Правильно все-таки говорят, что можно бесконечно смотреть на три вещи: огонь в костре, воду в водопаде, и женщину в танце. Движения Марты у очага до такого изящества отточились за годы практики, что ничем, кроме танца, назвать их было невозможно.
Пока одна служанка разводила огонь, она с помощью другой повесила на закопченной треноге здоровенный котел с водой, накидала в него самых разных овощей, потом намазала принесенную заранее тушку местного кролика какой-то смесью пряностей, и когда стала ворочать будущий ужин с боку на бок, чтобы как можно тщательнее обмазать его перед тем, как отправить в огонь, бывший опер вдруг понял, что не только он наслаждается, разглядывая красивую молодую женщину, но и та все это время следит за ним.
Пилиппенко поймал взгляд черноглазой озорницы, ухмыльнулся, и покачал головой в невольном восхищении. Та на мгновение замерла, словно школьница, которую поймали у замочной скважины, и захлопотала у очага с новой энергией, теперь уже не скрывая гордости умелой хозяйки: смотри, мол, какая я - все могу сделать, все у меня спорится, все в руках горит. Да и сама хороша собой, ты только захоти в этом убедиться.
В конце концов, однако, забаве в гляделки пришел конец - убиенную животинку насадили на вертел, пристроили у огня на специальную металлическую конструкцию с поддоном для стекающего жира, и одна из служанок, та, что постарше, с крепкими руками борца-средневеса, расположилась на низенькой табуретке у очага, присматривать за готовящимся жарким.
А сама хозяйка вытерла руки о чистую тряпку, поправила одежду (особенно долго она возилась с декольте, и за несколько бесконечных секунд Пилиппенко, обостривший глаза аки Зоркий Сокол, успел таки убедиться, что у нее там все в порядке, никаких ватных подкладок или поролоновых чашек не имеется) а потом, полностью приготовленная, подошла к гостям.
Пилиппенко не успел дернуться, чтоб организовать какое-нибудь сидение, как из-под хозяйского кресла на свет божий появилась скамеечка, и черноглазая красотка пристроилась у стариковского бока, предварительно коснувшись губами иссушенного годами запястья.

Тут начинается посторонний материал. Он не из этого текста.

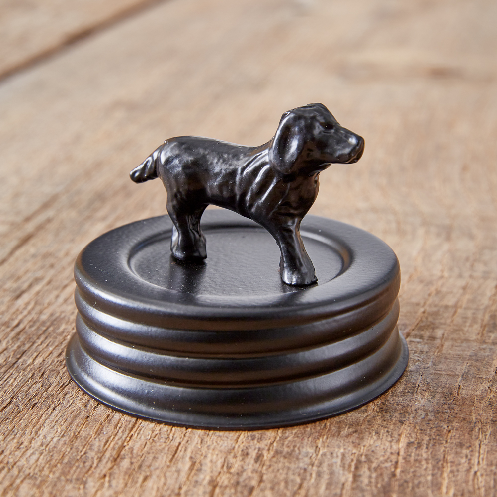 We can't help but spoil our pups with lots of treats! Store them for freshness inside our farmhouse staple mason jar. The jar is created of glass and features embossed lettering with the phrase ''Dog Treats'' on the front. The metal lid features a Labrador Retriever on top.

- Я должен извиниться перед достойными гостями за печальный инцидент, - хозяин дома пробежался глазами по лицам путешественников, и сокрушенно склонил голову. - Мой сын был лейтенантом городского ополчения, и без ложной скромности хочу отметить тот факт, что он получил свой пост исключительно благодаря личному мужеству, и воинскому таланту. Но три года назад, когда славный Драхенбург атаковали войска Гарольда Чёрного, боги решили его у меня забрать...
Спокойно лежавшая на подлокотнике рука сжалась в кулак с такой силой, что побелели пальцы. На нее тут же легла в успокаивающем жесте другая ладошка, девичья, и старик горько улыбнулся:
- Мой сын был хорошим человеком, и отличным офицером, но память людская слишком недолговечна. Ещё год назад я даже представить себе не мог, что в дом героя станет ломиться городская стража, словно это ночлежка у Северных ворот!
- Боюсь, мы сами были невольной причиной этого проишествия, - огорченно сказал Санек. - Наш товарищ позволил себе нарушить распоряжение городского совета.
Он покосился на Пилиппенко, и тот понял, что дальше отдуваться придется самостоятельно.
- Я помог Драхен Кнехту, - пояснил он, - когда тот не смог войти в один дом.
- Вот как... - старик потер лицо ладонями, сгорбился в кресле, буд-то на плечи ему легла невидимая тяжесть. - Солдаты Дракона всегда приходят перед бедой... Как это произошло?
- Дорогие гости помогали мне, отец, - вмешалась Марта. Усевшись на низенькой скамеечке возле хозяйского кресла, она положила на стариковское предплечье ладошку, и внимательно слушала разговор. Теперь же девушка решила вмешаться:
- А когда я показывала дорогу, то увлеклась разговором, и мы нечаянно вышли на площадь у Старого колодца. А там были эти... слуги Единого... проводили свое бдение.
- Вот как? Днем?
- Да.
- И магистрат им разрешил? Хвост Дракона, куда катится мир...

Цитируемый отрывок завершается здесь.